After an hour ride to Shinagawa station, we grabbed brunch in the food court, got our first Eki stamps (more on them later) and boarded the bullet train to Hiroshima.
We’d reserved seats on the right hand side in case we were lucky enough to have a clear day. And indeed we were.
Mount Fuji had been on the wish list for all three of us when we planned this trip, but we quickly realized a stop there would take too much time on this short visit. Nice to get a good view.
We’d set our sights on okonomiyaki, a regional specialty, for our sole dinner in Hiroshima. We settled on Okamoto’s and were not disappointed.
The little restaurant was in an industrial building near the train station. About 20 other okonomiyaki restaurants shared the 6th floor with the one we’d selected. The little counter restaurant could serve about 10 cozy customers.
Okonomiyaki is a savory pancake dish cooked on a teppanyaki grill (think Benihana). The toppings are the big draw, all cooked on the grill and stacked on the pancake: cabbage, meat, seafood, egg, noodles, mayonnaise, cheese, Worcestershire sauce, bonito flakes, pork belly, etc. Our counter offered 6 varieties; we tried three.
It was one of the most fun meals I’ve ever had. The owner and chef kept us entertained. You cut off chunks with your individual spatula and eat off your plate. The grill keeps the food warm. The plastic sheet hanging behind us keeps the heat in the small space.
HIROSHIMA - Day 2
We started at the Hiroshima Peace Memorial, where we had booked early opening tickets for the museum. We also had audio guide tickets.
It’s a sobering exhibit, as one would expect. We spent a couple of hours in the museum before heading outside. The museum is dedicated to documenting the city’s bombing on August 6, 1945 and its aftermath, in hopes that awareness of the devastating impact of atomic warfare deters it from ever happening again.
The collection is full of artifacts, photographs, witness’s drawings and written/audio testimonials. It’s organized into sections about the blast zone, lost victims, survivor experiences, black rain, lost children, radiation effects, orphans, development of the atomic bomb, anti-nuclear treaties, etc. It also fully acknowledges Japan’s accountability for instigating the war in the Pacific.
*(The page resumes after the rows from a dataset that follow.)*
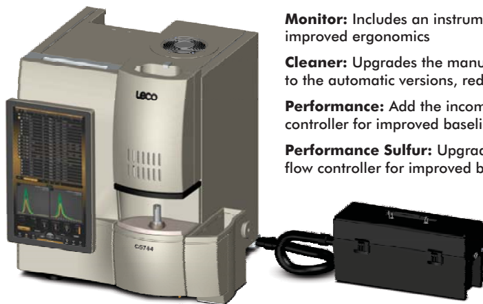
CS744 with high-velocity vacuum system

Performance Sulfur: Upgrades the standard flow controller with a thermally stabilized flow controller for improved baseline stability and precision
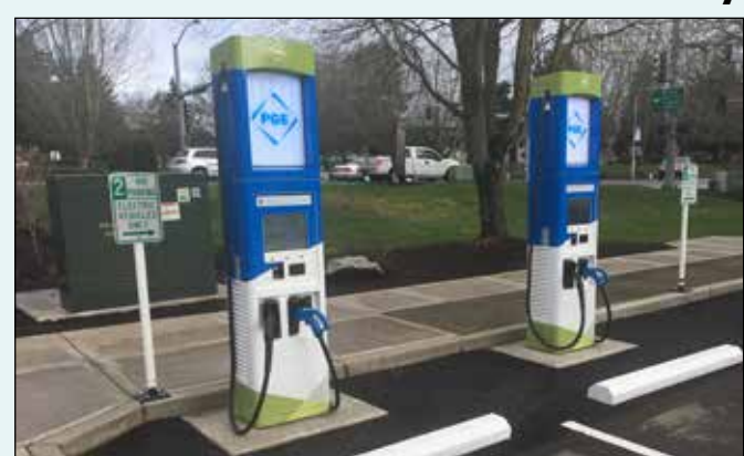
The City and PGE have increased the region's charging infrastructure with a six-car charging station at the Library.

Transportation is the largest source of carbon emissions in Oregon. The Electric Avenue network is powered by 100% renewable energy, advancing the City's sustainability goals and demonstrating PGE's commitment to a clean energy future.
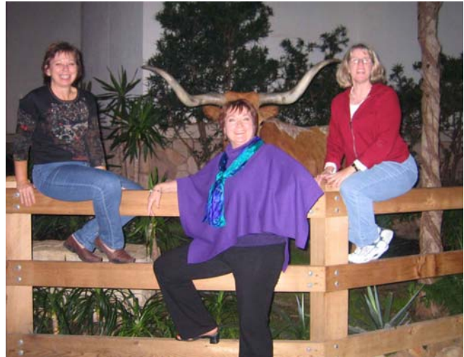
California girls wanna be cowgirls, ya'll!
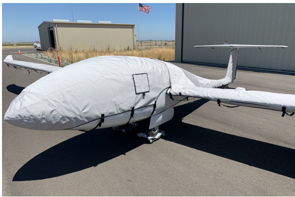
Pipistrel Taurus & Electro Canopy/Nose Cover, All Year Use
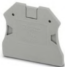
End cover, length: 47 mm, width: 2.2 mm, height: 39.8 mm, color: gray

Please be informed that the data shown in this PDF Document is generated from our Online Catalog. Please find the complete data in the user's documentation. Our General Terms of Use for Downloads are valid ( http://phoenixcontact.com/download )
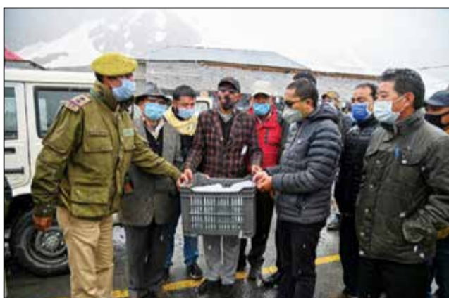
Seva Hi Sangathan: MP, Ladakh Jamyang Tsering Namgyal felicitated the COVID warrior stationed at Meenamarg Screening Point with refreshments as a token of thanks for their dedicated hard work during this pandemic.
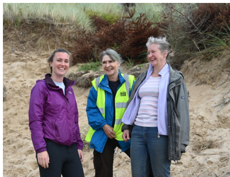
Newquay, Fistral Beach Clean, Outstanding

I took only one photo inside. It didn’t occur to me. Seeing the torn and burned clothing of children who were never found, or a child’s tricycle, or gruesome photos of burn victims or keloid scars don’t belong here.
The Peace Park contains much more than the museum, shown above. It’s a wide park-like area covering much of the blast zone with monuments and memorials.
The Hiroshima National Peace Memorial Hall for the Atomic Bomb Victims is a chamber below a clock frozen at 8:15, the time of the bombing. Approached by a slanting circular track that descends deep underground, it commemorates all of victims of the atomic bombings in Hiroshima and Nagasaki. Over 140,000 small tiles honor the dead.
The chest under the cenotaph in the center of the Peace Park holds a list of all of the victims. In the distance, the Atomic Dome.
This young boy is examining before and after models of the Hiroshima Prefectural Industrial Promotion Hall. The bomb exploded almost directly above the hall, sparing it from most of the outward flow of the blast. After years of debate it was decided to preserve the skeleton, known since the blast as the Atomic Dome.
The Peace Bell. Visitors can toll it by hitting it with the log suspended to its left.
The Children’s Peace Monument was paid for by donations from children in thousands of schools in Japan and around the world.
The colorful showcases behind the monument are crammed full of paper cranes. The girl whose death inspired the monument died from leukemia 10 years after she was exposed in the blast. She had made endless cranes after learning that if you make a thousand paper cranes, your wish will come true.
About a mile from the Atomic Dome is Hiroshima Castle, built by feudal lord Terumoto Mori in 1591 after he visited the castle in Kyoto. The multi-moat enclosed castle complex was used as the Imperial Army General Headquarters during World War II. The entire complex was destroyed in the atomic bomb.
The reconstructed castle is, as was the original, in the lower right corner of the center square.
The Hiroshima Gokoku Shrine is contained within the park-like castle grounds. Gokoku shrines are Shinto shrines built to honor dead killed in war. Its torii gate survived the atomic blast. The shrine was rebuilt after the war.
Prayers are written on the wood boards to the right and unlucky fortune left as paper knots on the left.
The castle itself - imposing and beautiful.
Inside were artifacts and displays on the origin of the castle, and various furniture, weaponry, armor etc used by the feudal lords and their samurai. There was less English signage the higher you went.
Nonetheless, Mark made it to the top balcony.
We took the bullet train to Kyoto, checked into our ryokan (traditional Japanese inn), granted a quick dinner and headed to our night tour of Kyoto’s Gion District.